=== Section Start ===

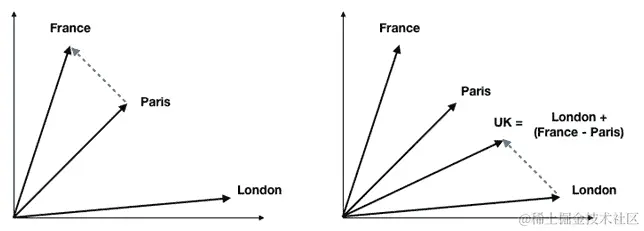 以下图显示了连接巴黎和法国的向量(即它们的嵌入之差)如何反映了首都关系。类似的关系,伦敦:英国,对应于相同的向量,即英国与通过将首都向量添加到伦敦得到的位置非常接近:
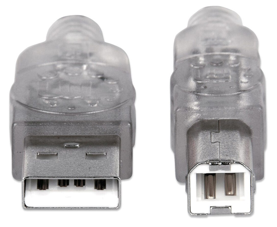Manhattan USB-A to USB-B Cable, 3m, Male to Male, Translucent Silver, 480 Mbps (USB 2.0), Equivalent to Startech USB2AA2M (except colour), Hi-Speed USB, Lifetime Warranty, Polybag. Cable length: 3 m, Connector 1: USB A, Connector 2: USB B, USB version: USB 2.0, Connector gender: Male/Male, Maximum data transfer rate: 480 Mbit/s, Connector contacts plating: Gold, Product colour: Silver, Magnetically shielded
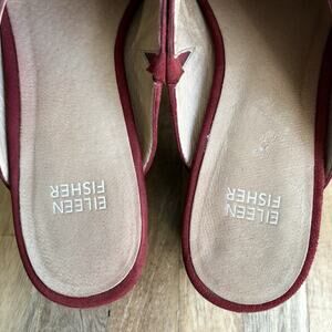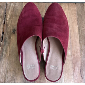 Eileen Fisher Sylvia Suede Mules Size 9 Wine Red Block Heel Slides Shoes

=== Section End ===

WHAT TO WORK ON:
Set down the material above exactly as it reads, but not its pictures.

TASK RESPONSE:
 以下图显示了连接巴黎和法国的向量(即它们的嵌入之差)如何反映了首都关系。类似的关系,伦敦:英国,对应于相同的向量,即英国与通过将首都向量添加到伦敦得到的位置非常接近:
Manhattan USB-A to USB-B Cable, 3m, Male to Male, Translucent Silver, 480 Mbps (USB 2.0), Equivalent to Startech USB2AA2M (except colour), Hi-Speed USB, Lifetime Warranty, Polybag. Cable length: 3 m, Connector 1: USB A, Connector 2: USB B, USB version: USB 2.0, Connector gender: Male/Male, Maximum data transfer rate: 480 Mbit/s, Connector contacts plating: Gold, Product colour: Silver, Magnetically shielded
 Eileen Fisher Sylvia Suede Mules Size 9 Wine Red Block Heel Slides Shoes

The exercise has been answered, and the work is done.